Miniature flows with viscoelastic fluids thus have the potential for logic devices, but the flow dynamics in these systems needs to be extensively investigated because the small scales change the equilibrium of forces and effects in comparison with large scales. This is particularly true of viscoelastic fluids, where almost everything remains to be done at microfluidic scales. This is the motivation for this proposal: to investigate in detail, experimentally as well as numerically, the flow of viscoelastic fluids in a number of geometries that have asymmetric behavior in order to clarify the role of fluid Rheology and flow geometry into the observed fluid dynamical performance.
Two cases are investigated here: (1) the microfluidic diode, a channel made of a chain of identical triangle segments connected by bottleneck contractions, the behaviour of which depends on flow direction and (2) a smooth expansion with a side entrance/exit.

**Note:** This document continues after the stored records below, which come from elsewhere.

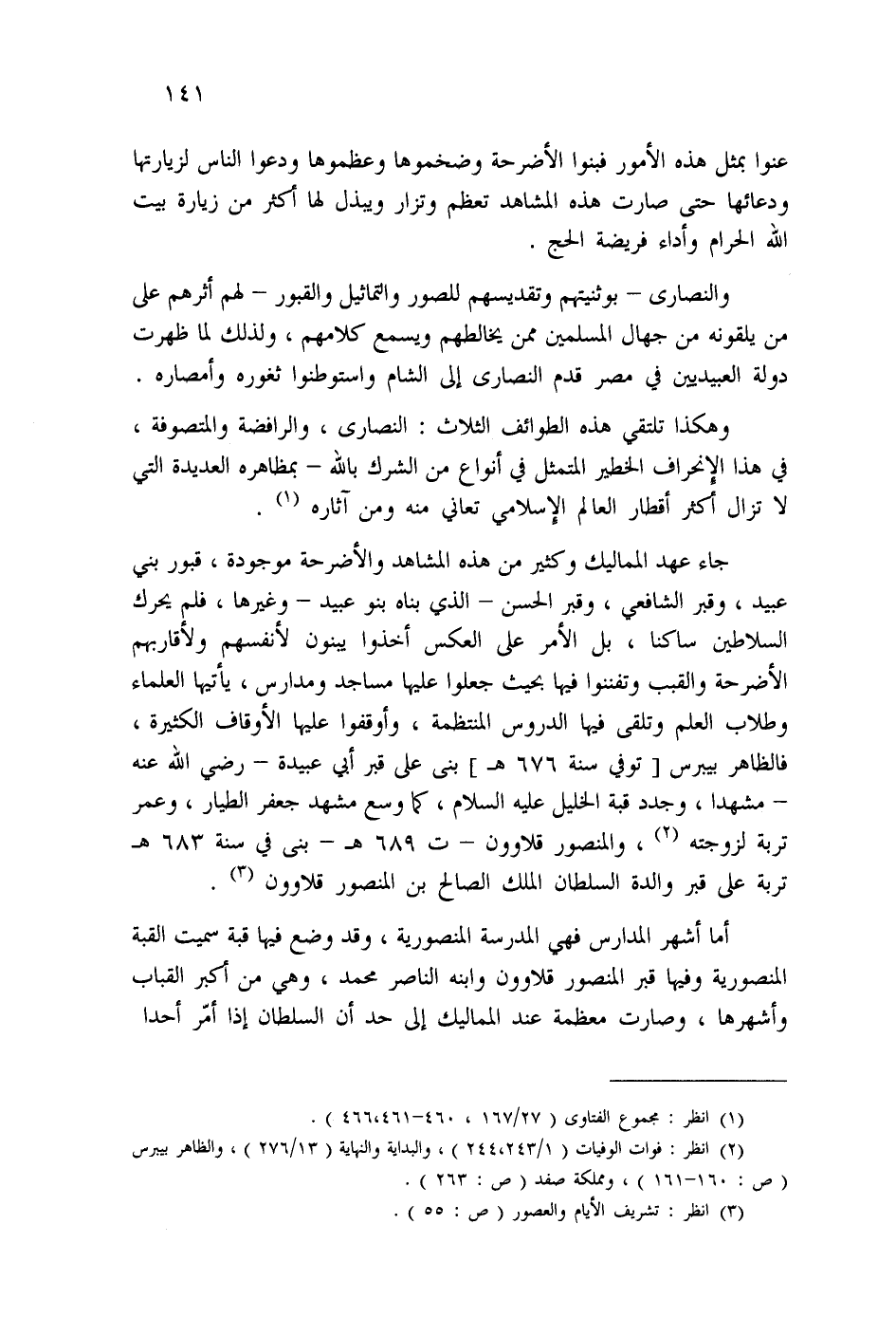 جاء عهد المماليك وكثير من هذه المشاهد والأضرحة موجودة، قبور بني عبيد، وقبر الشافعي، وقبر الحسن- الذي بناه بنو عبيد- وغيرها، فلم يحرك السلاطين ساكنا، بل الأمر على العكس أخذوا يبنون لأنفسهم ولأقاربهم الأضرحة والقبب وتفننوا فيها بحيث جعلوا عليها مساجد ومدارس، يأتيها العلماء وطلاب العلم وتلقى فيها الدروس المنتظمة، وأوقفوا عليها الأوقاف الكثيرة، فالظاهر بيبرس [توفي سنة 676 هـ] بنى على قبر أبى عبيدة- رضى الله عنه - مشهدا، وجدد قبة الخليل عليه السلام، كما وسع مشهد جعفر الطيار، وعمر تربة لزوجته (¬2) ، والمنصور قلاوون- ت 689 هـ- بنى في سنة 683 هـ تربة على قبر والدة السلطان الملك الصالح بن المنصور قلاوون (¬3) .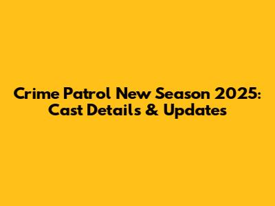 Crime Patrol New Season 2025: Cast Details & Updates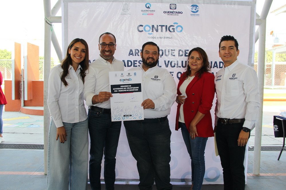 El director general adjunto de Enlace Institucional de la Comisión Estatal de Aguas (CEA), Jorge Ortega González, en representación del vocal ejecutivo, Luis Alberto Vega Ricoy, junto con el secretario de Desarrollo Social del Municipio de Querétaro, Juan José Ojeda Dorantes, encabezaron el arranque de actividades conjuntas entre el Voluntariado del Municipio de Querétaro y el organismo estatal, acto que se llevó a cabo en la Primaria “Noo Botsi Di Nxodi”, ubicada en el Fracc. Villas de Santiago.

To obtain these geometries, classical lithography is used first to make a set of metallic masks. From these, the microchannels are fabricated out of an elastomer using soft lithography in a clean room (spincoat, expose and dissolve). The other elements making the flow circuit (syringe pumps, reservoirs, pressure transducers) are then assembled together, fluids are rheological characterized, seeding particles are added to the fluids and the flows are visualized in a microscope.
Although the experiments at small scale are to be performed for the first time by our mutidisciplinary team, it comes as the natural continuation of an on-going collaboration with the Hatsopoulos MicroFluidics Laboratory at MIT, where the Post-Doc researcher is presently being trained on experimental microfluidics under the guidance of Prof. GH McKinley, who is also a consultant in this project.
The numerical work is an extension of our own viscoelastic numerical research at macro scales using a finite-volume methodology based code. The differential constitutive equations are multi-mode and are selected to agree with the measured fluid Rheology. At our disposal are the Oldroyd-B, PTT, Giesekus, FENE-P and FENE-CR models.